1) Die Kosten der Errichtung der Einfriedigung tragen die beteiligten Grundstückseigentümer in den Fällen des § 32 Abs. 1 Satz 2 und Abs. 2 zu gleichen Teilen.

(2) Der Eigentümer eines Grundstücks, für den eine Verpflichtung gemäß Absatz 1 nicht entsteht, hat eine Vergütung in Höhe des halben Wertes der Einfriedigung zu zahlen, wenn

* a). das Grundstück bebaut oder gewerblich genutzt wird und es in dem im Zusammenhang bebauten Ortsteil liegt oder
* b). das Grundstück in den im Zusammenhang bebauten Ortsteil hineingewachsen ist oder in einem Bebauungsplan als Bauland festgesetzt wird und der Eigentümer oder sein Rechtsvorgänger die Errichtung der Einfriedigung verlangt hatte.

(3) Bei der Berechnung der Vergütung ist von den im Zeitpunkt der Fälligkeit üblichen Errichtungs- kosten einer Einfriedigung gemäß § 35 Abs. 1 auszugehen. Ist gemäß § 35 Abs. 1 Satz 2 eine etwa 1,20 m hohe Einfriedigung zu errichten, so sind die Errichtungskosten für einen 1,20 m hohen Zaun aus wetterbeständigem Maschendraht maßgebend. Ist nur für eines der beiden Grundstücke eine Einfriedigung nach § 35 Abs. 1 Satz 3 vorgeschrieben, so sind der Berechnung die Errichtungskosten einer Einfriedigung nach § 35 Abs. 1 Satz 1 oder Satz 2 zugrunde zu legen. Sind die tatsächlichen Aufwendungen einschließlich der Eigenleistungen niedriger, so ist davon auszugehen. Das Alter und der Zustand der Einfriedigung sind zu berücksichtigen.

(4) Der Eigentümer des anderen Grundstücks darf, wenn die Voraussetzungen des Absatzes 2 vorliegen, die Einfriedigung auf die Grenze versetzen oder dort neu errichten. Der Eigentümer des angrenzenden Grundstücks hat auch in diesem Falle nur eine Vergütung gemäß Absätzen 2 und 3 zu zahlen.

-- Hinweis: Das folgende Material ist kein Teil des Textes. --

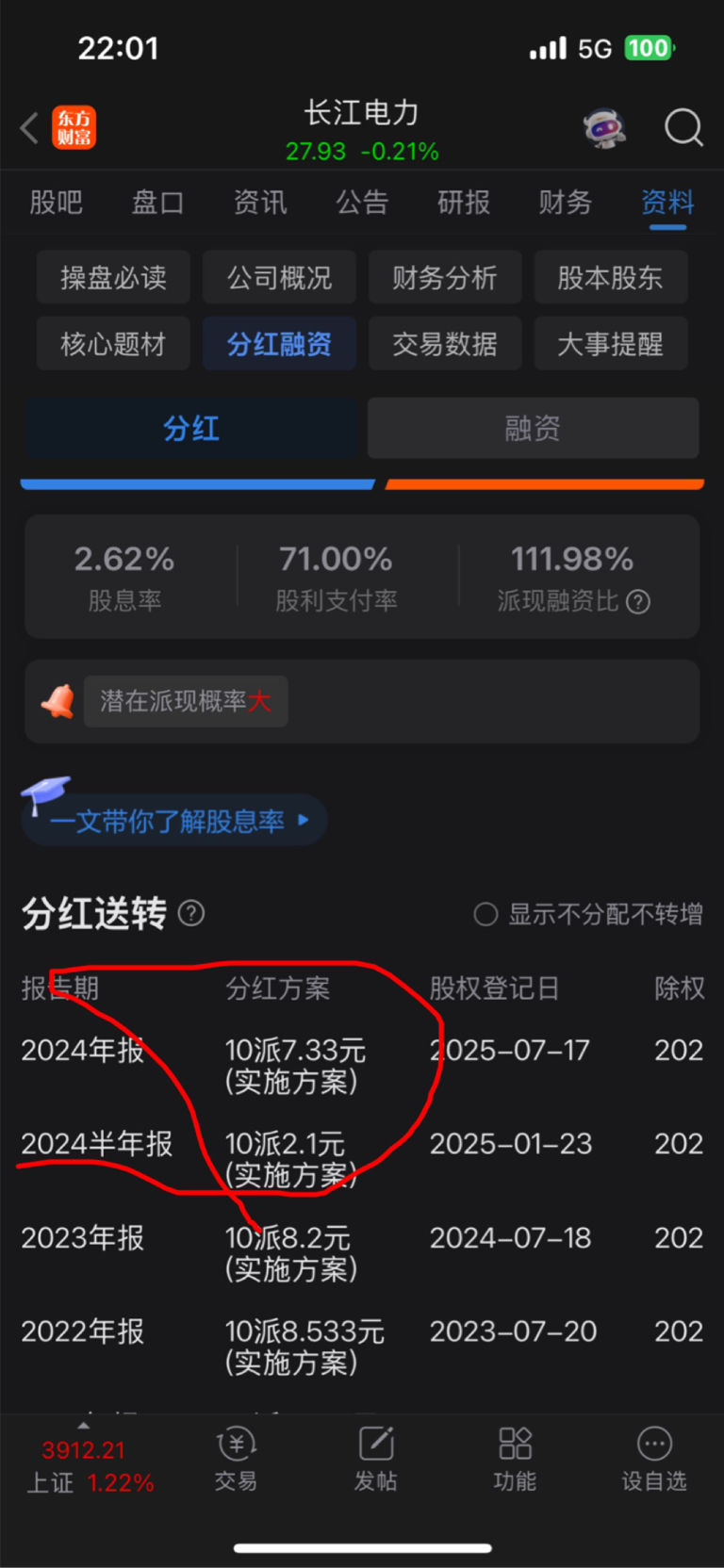 $长江电力(SH600900)$ 闲的没事翻了下长电的股息率只有2.62,总觉得不对劲,自己一算,
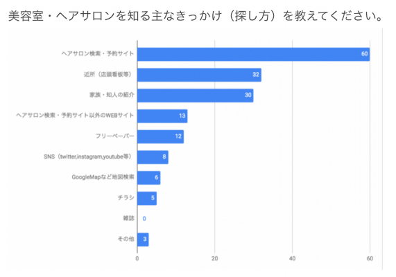 お客様が美容室を選ぶ決め手として最も多かったものが「家や職場から近い」となりましたが、条件は1つではなく、口コミの評価や、価格、お店のおしゃれさなど様々な要因を吟味して選んでいるので、その大半を比較して見ることができる「ヘアサロン検索・予約サイト」がやはり人気の探し方になっているようです。
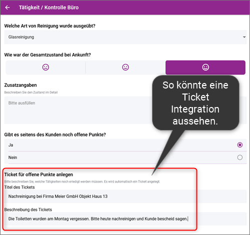 Mit der neuen Blink Check Version haben wir eine Integration mit Blink Active umgesetzt. Damit können Sie automatisch Tickets erstellen z.B. auch in Abhängigkeit vom Ausfüllen bestimmter Felder im Formular. So erstellen Sie bspw. automatische Tickets für Nachreinigungen, wenn bei der Objektbegehung Mängel festgestellt werden.
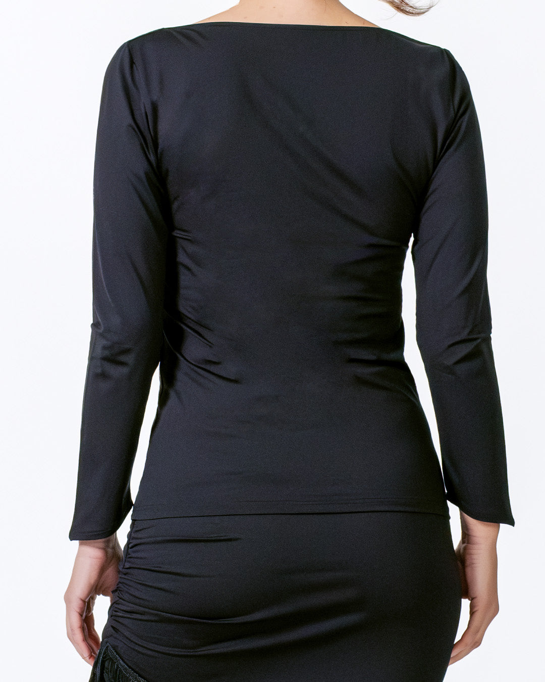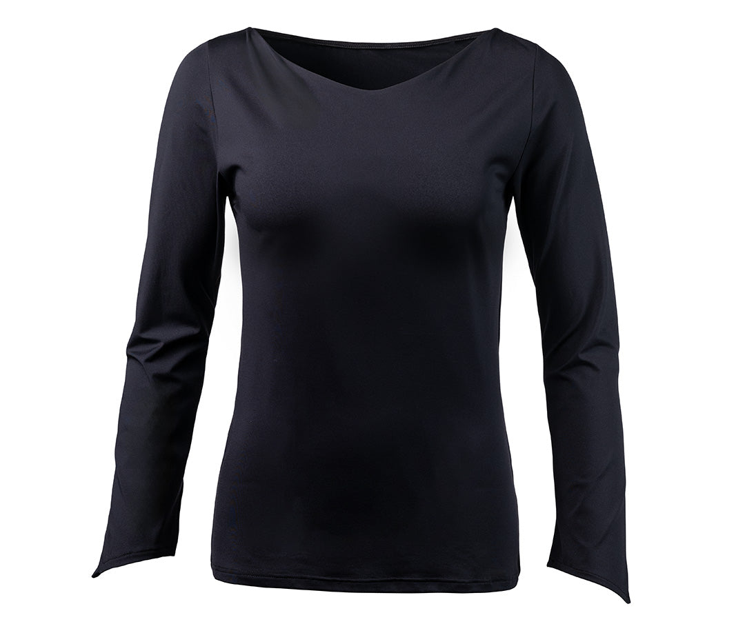 Women's dance top Suki in black with slight V-neck at the front and rounded back neckline. The Suki dance top in classic black features a subtle V-neck at the front and a softly curved, semi-circular back neckline – creating a stylish yet sporty look on the dance floor. The slightly angled sleeve hems and the black, stretch fabric ensure an optimal fit, freedom of movement, and comfortable wear – even during intense dance sessions. This black dance top goes beautifully with the fringed skirt Oya, with asymmetrical hem or the simple wrap skirt Vana.
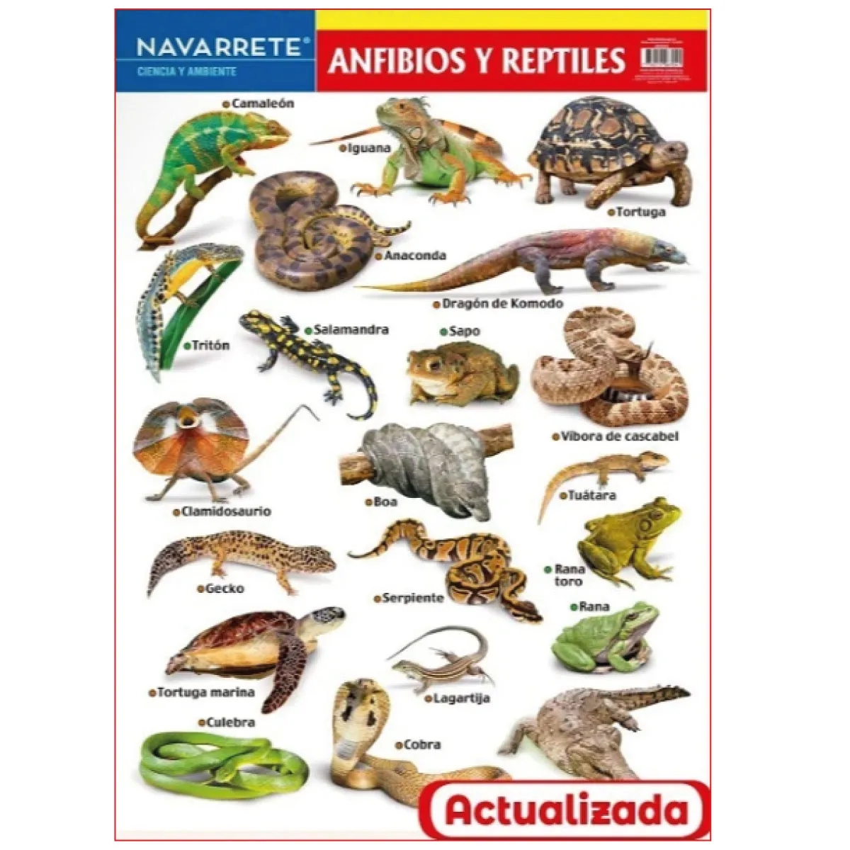 Lámina mural 50 x 70 cm Anfibios y reptiles
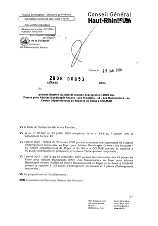 portant fixation du prix de journée hébergement 2008 des foyers pour adultes handicapés graves "Les Peupliers" et "Les Marronniers" au centre départemental de repos et de soins à COLMAR. Resumé Pièces jointes ARRETE Assemblée : Non défini Date : 25/01/2008 Rapporteur : Non défini Collectivité : Conseil départemental du Haut-Rhin Direction : Non défini Service : Service de la Tarification des Etablissements Domaine : Prix de Journée Commission :
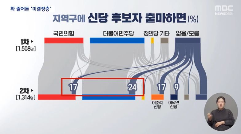 1차 조사에서 '결정 못했다'는 응답자가 그러면 어디로 갔는지 살펴봤더니 41%(민주 24%·국힘 17%)가 기존 거대 양당으로 결집했고, 17%는 이준석 주도의 개혁신당, 9%는 이낙연 신당의 후보를 찍을 것이라고 표심을 새로 정했습니다.
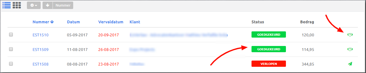 Goedgekeurde offertes verschijnen ook met een speciale aanduiding in je lijst van offertes.
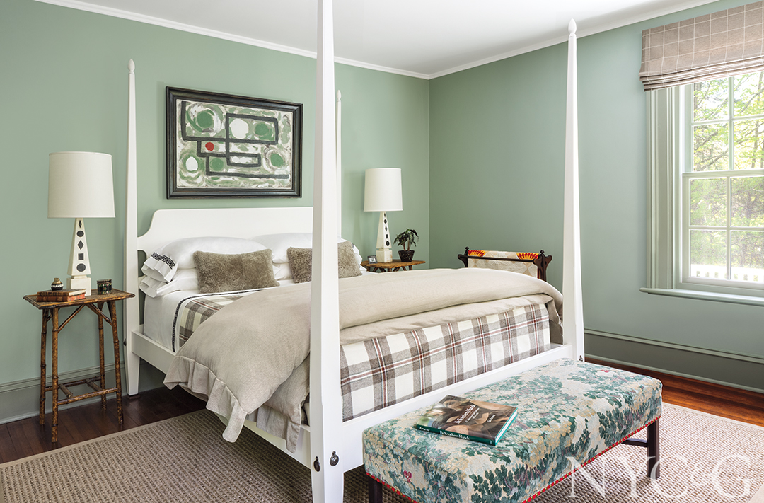 Darryl had a wealth of ideas for the interiors, too, but wavered over which direction to follow. “At one point I wanted super-Colonial, with bright green and yellow rooms, and then I was inspired by the early 1900s and envisioned a red dining room,” she explains. “Eventually, I realized that none of it was true to how we live our lives.” She ultimately settled on a modern-day version of a rarefied relic, working principally with muted colors. For instance, a guest bedroom is painted a tranquil green, while another is awash in soft yellow. “I intentionally chose shades that looked like they had dulled over time. It was my way of nodding to the past without trying to re-create it.” In the dining room, she commissioned Cape Cod–based folk artist Charlie Munro to create an immersive lifelike canvas depicting the home and surrounding landscape, which he then affixed to the walls. The piece includes roaming deer and horses and charming details, such as Darryl’s initials carved on a tree trunk.
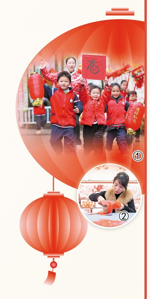 图①:湖南省怀化市通道侗族自治县双江镇一家幼儿园,小朋友们在参加春节亲子游园活动。
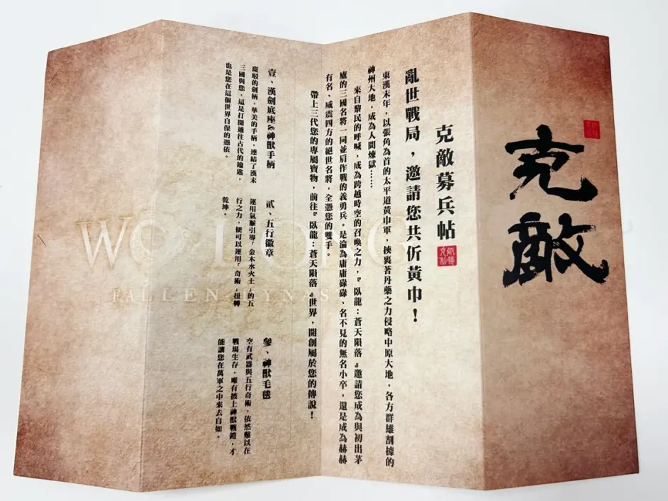 展開募兵帖,上面書寫著《臥龍》的遊戲介紹,以及禮盒內容物的清單,還配上了風味十足的說明文字。
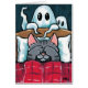 Cat Halloween wenskaart met een illustratie van een bange kat die zijn ogen bedekt met zijn poten terwijl hij in bed ligt. Achter het bed zitten twee spoken. Ideaal voor kattenliefhebbers! Copyright kunstwerk © Lisa Marie Robinson. Alle rechten voorbehouden.
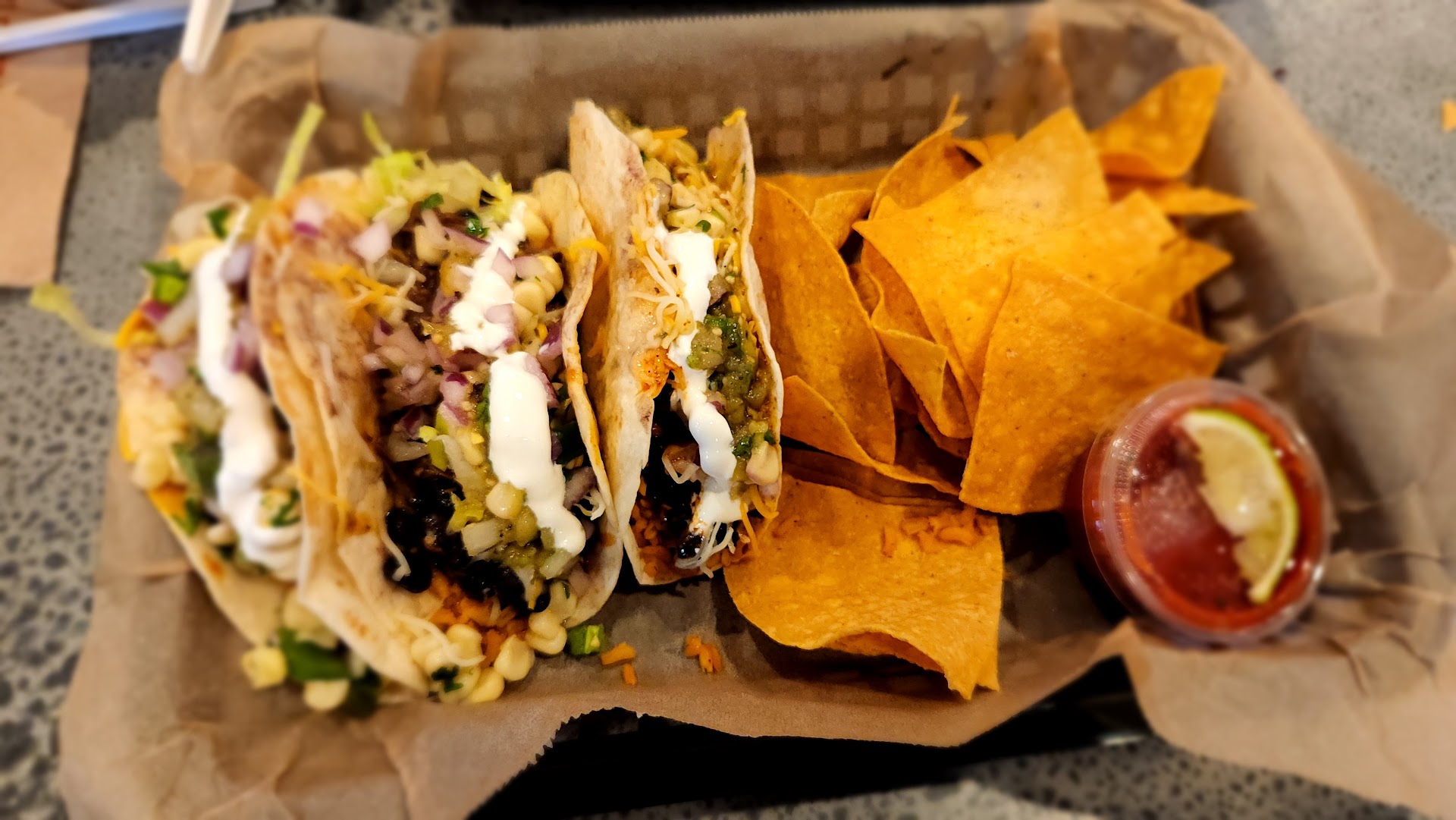 So for my meal I went with the tacos, you get 3. Just like other places you can load it up with whatever you want, I went with Spanish rice, black beans to start. For meats I tried 3 different kinds, one for each taco, so I got Baja chicken, BBQ shredded beef and then Achiote Pulled Pork. To finish off the tacos I added shredded cheese, corn salsa, medium green salsa and some sour cream. All of the tacos were very good, each of the meats had a different but very good flavor, plus they were quite filling. The chips were also good, and you can add on guacamole for extra if you would like something more to dip your chips in.
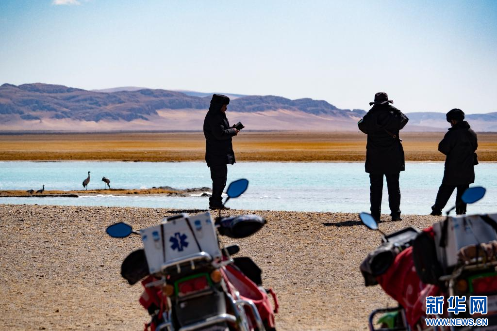 4月14日,野保員前往色林錯國家級自然保護區。新華網 旦增努布 攝
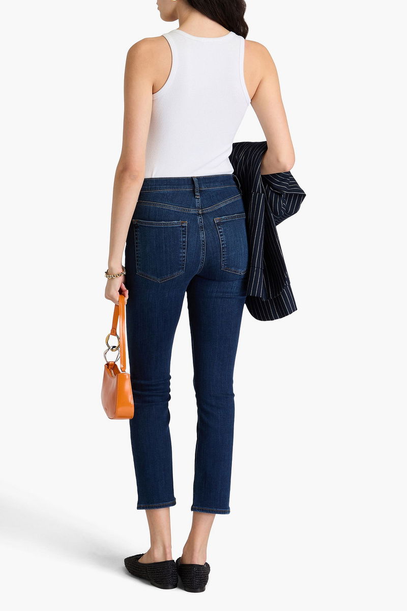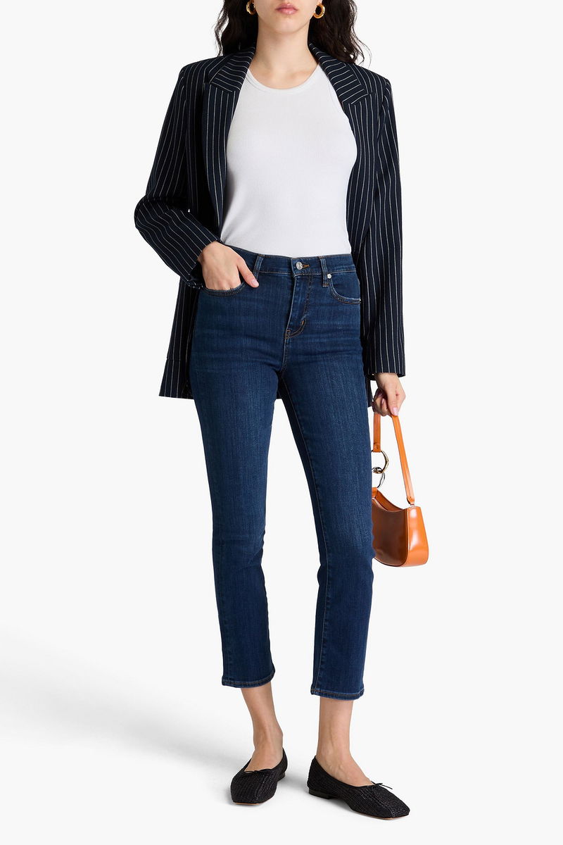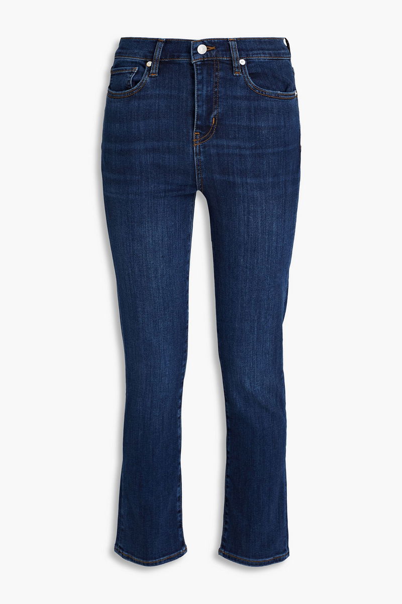 Straight-leg jeans, Faded, Denim, Cropped, Belt loops, High-rise cut, Five pockets, Button and concealed zip fastening at front, Mid-weight, stretchy fabric.
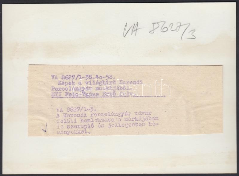 cca 1960 Vadas Ernő (1899-1962): A Herendi Porcelángyár udvar felőli h... https://www.darabanth.com/de/192-Fernauktion/192.0/Andere-Sammelgebiete/Foto~2000025/cca-1960-Vadas-Erno-1899-1962-A-Herendi-Porcelangyar-udvar-feloli-homlokzata-Sajtofoto-hC3~II725448
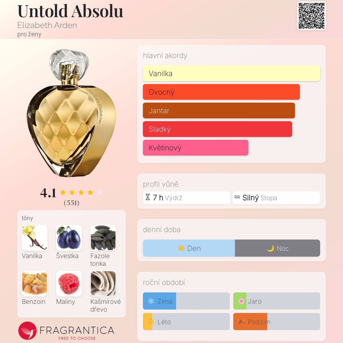 Untold Absolu podle Elizabeth Arden je Floral Fruity vůně pro ženy. Untold Absolu byl/a uveden/a v roce 2014. Vrchní tóny jsou Švestka, Maliny, Zázvor a Bergamot; střední tóny jsouEgyptský jasmín, Květiny a Narcis ; základní tóny jsou Tahitská vanilka, Fazole tonka, Benzoin a Kašmírové dřevo.
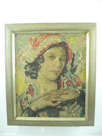 | A head and shoulders portrait of a woman wearing a colourful bonnet | |
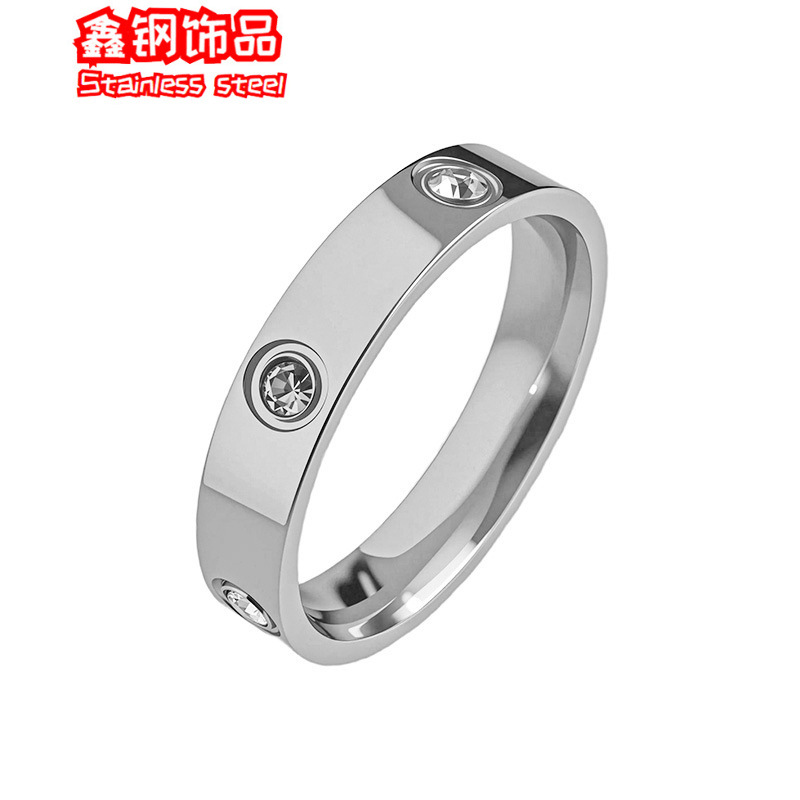 Popular Full Diamond Ring Titanium Steel Light Luxury High-End Couple Ring Fashion Light Luxury Stainless Steel Ring Women's Hand Jewelry
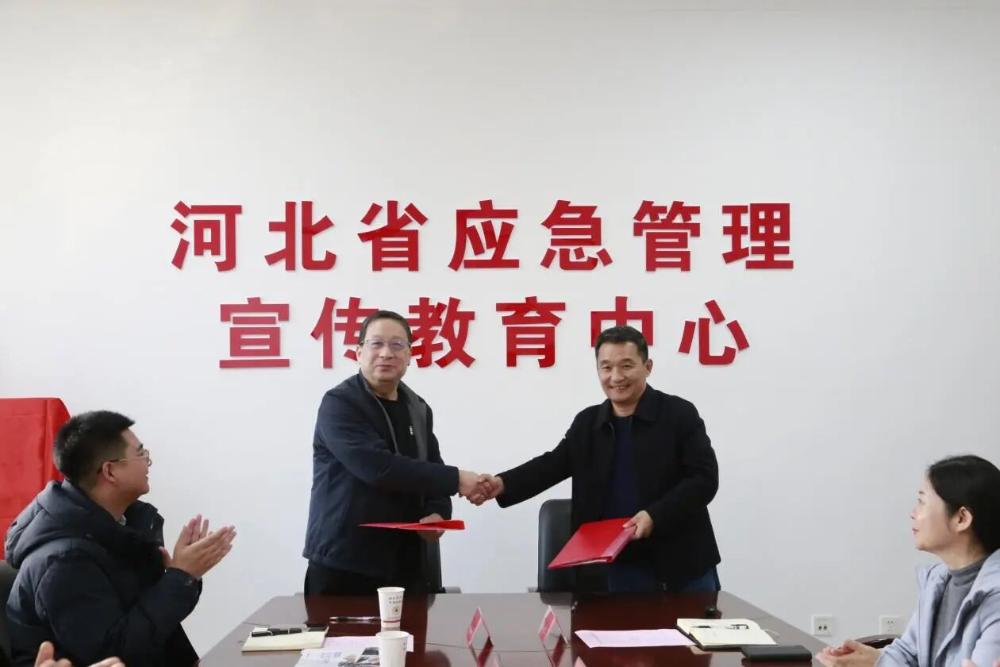 在与会人员的共同见证下,河北传媒学院产教中心主任杨子文与河北省应急管理宣教中心副主任何建立分别代表双方在合作协议上签字,并交换协议文本。随后,河北传媒学院副校长李建平与河北省应急管理宣教中心主任宁建立共同为“产教融合实习实训基地”揭牌。
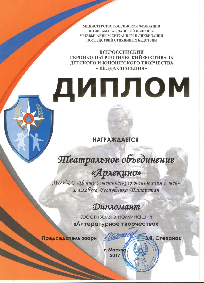2. Героико-патриотический фестиваль детского и юношеского творчества «Звезда спасения» - Театральное объединение «Арлекино» - Театральное объединение – Дипломант

(5) Gehen von einem Grundstück unzumutbare Beeinträchtigungen des Nachbargrundstücks aus, die durch eine Einfriedigung verhindert oder gemildert werden können, und wird die Errichtung der Einfriedigung ausdrücklich nur aus diesen Gründen von dem Eigentümer des Nachbargrundstücks verlangt, so ist er nicht verpflichtet, sich an den Kosten der Errichtung zu beteiligen.



§ 42 NachbarrechtsG NRW - Grenzabstände für Hecken

Es sind mit Hecken - vorbehaltlich des § 43 -

* a). über 2 m Höhe 1,00 m,
* b). und bis zu 2 m Höhe 0,50 m,

Abstand von der Grenze einzuhalten. Das gilt nicht, wenn das öffentliche Recht andere Grenzabstände vorschreibt.



§ 43 NachbarrechtsG NRW - Verdoppelung der Abstände

Die doppelten Abstände nach den §§ 41 und 42, höchstens jedoch 6 m, sind einzuhalten gegenüber Grundstücken, die

* a). landwirtschaftlich, gärtnerisch oder durch Weinbau genutzt oder zu diesen Zwecken vorübergehend nicht genutzt sind und im Außenbereich (§19 Abs. 2 des Bundesbaugesetzes) liegen oder
* b). durch Bebauungsplan der landwirtschaftlichen, gärtnerischen oder weinbaulichen Nutzung vorbehalten sind.